▶ What this task involves
Take the lines from the beginning of the material through the line containing "Lũy kế cả năm" and retype them exactly, leaving the pictures out.

▶ Recorded information
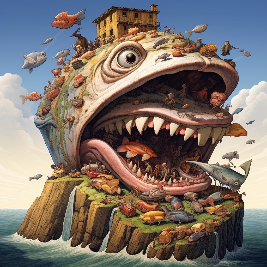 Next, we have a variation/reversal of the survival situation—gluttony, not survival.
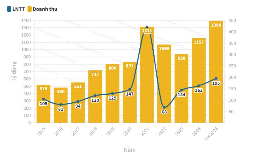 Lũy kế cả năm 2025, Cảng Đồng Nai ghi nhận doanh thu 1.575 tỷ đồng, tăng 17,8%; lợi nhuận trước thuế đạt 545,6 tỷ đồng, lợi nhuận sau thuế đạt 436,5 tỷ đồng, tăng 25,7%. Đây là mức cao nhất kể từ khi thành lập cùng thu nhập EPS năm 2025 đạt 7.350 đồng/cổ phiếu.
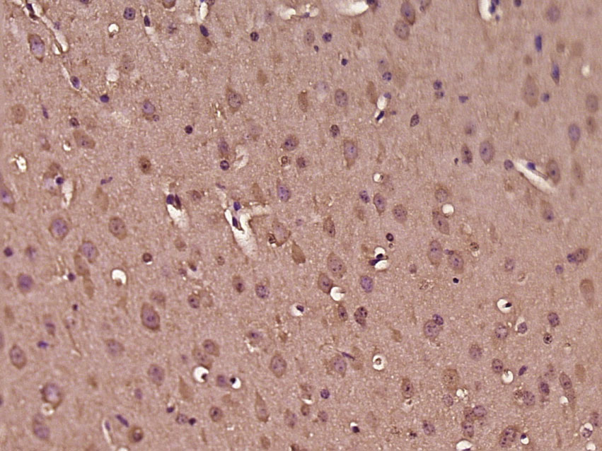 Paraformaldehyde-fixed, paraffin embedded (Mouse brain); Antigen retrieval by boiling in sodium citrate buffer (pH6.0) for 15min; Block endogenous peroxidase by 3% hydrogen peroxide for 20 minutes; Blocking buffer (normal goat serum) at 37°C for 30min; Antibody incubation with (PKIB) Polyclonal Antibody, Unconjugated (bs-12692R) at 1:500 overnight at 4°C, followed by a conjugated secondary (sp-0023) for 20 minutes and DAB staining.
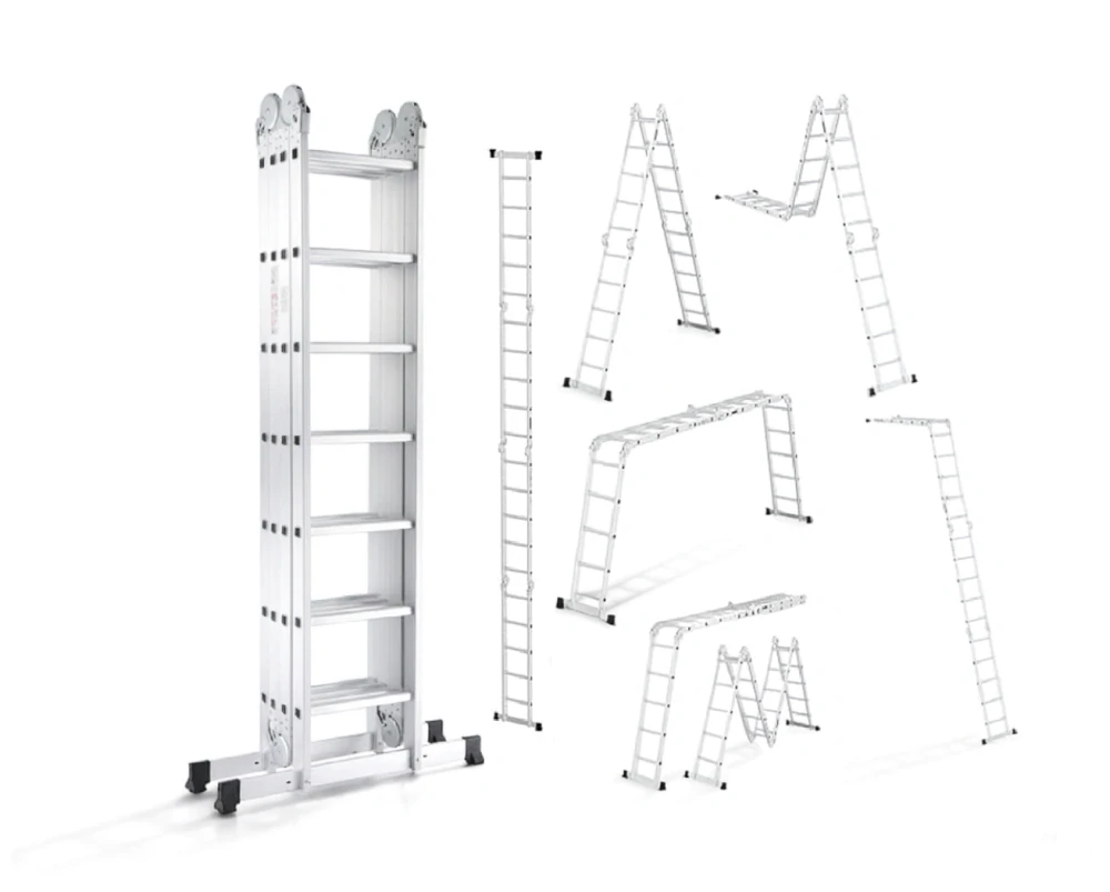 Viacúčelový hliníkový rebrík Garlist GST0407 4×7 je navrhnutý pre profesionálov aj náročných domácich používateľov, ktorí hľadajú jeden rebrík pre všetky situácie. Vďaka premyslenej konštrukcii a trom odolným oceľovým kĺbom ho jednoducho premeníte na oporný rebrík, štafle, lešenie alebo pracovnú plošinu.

▶ Output of the exercise
 Next, we have a variation/reversal of the survival situation—gluttony, not survival.
 Lũy kế cả năm 2025, Cảng Đồng Nai ghi nhận doanh thu 1.575 tỷ đồng, tăng 17,8%; lợi nhuận trước thuế đạt 545,6 tỷ đồng, lợi nhuận sau thuế đạt 436,5 tỷ đồng, tăng 25,7%. Đây là mức cao nhất kể từ khi thành lập cùng thu nhập EPS năm 2025 đạt 7.350 đồng/cổ phiếu.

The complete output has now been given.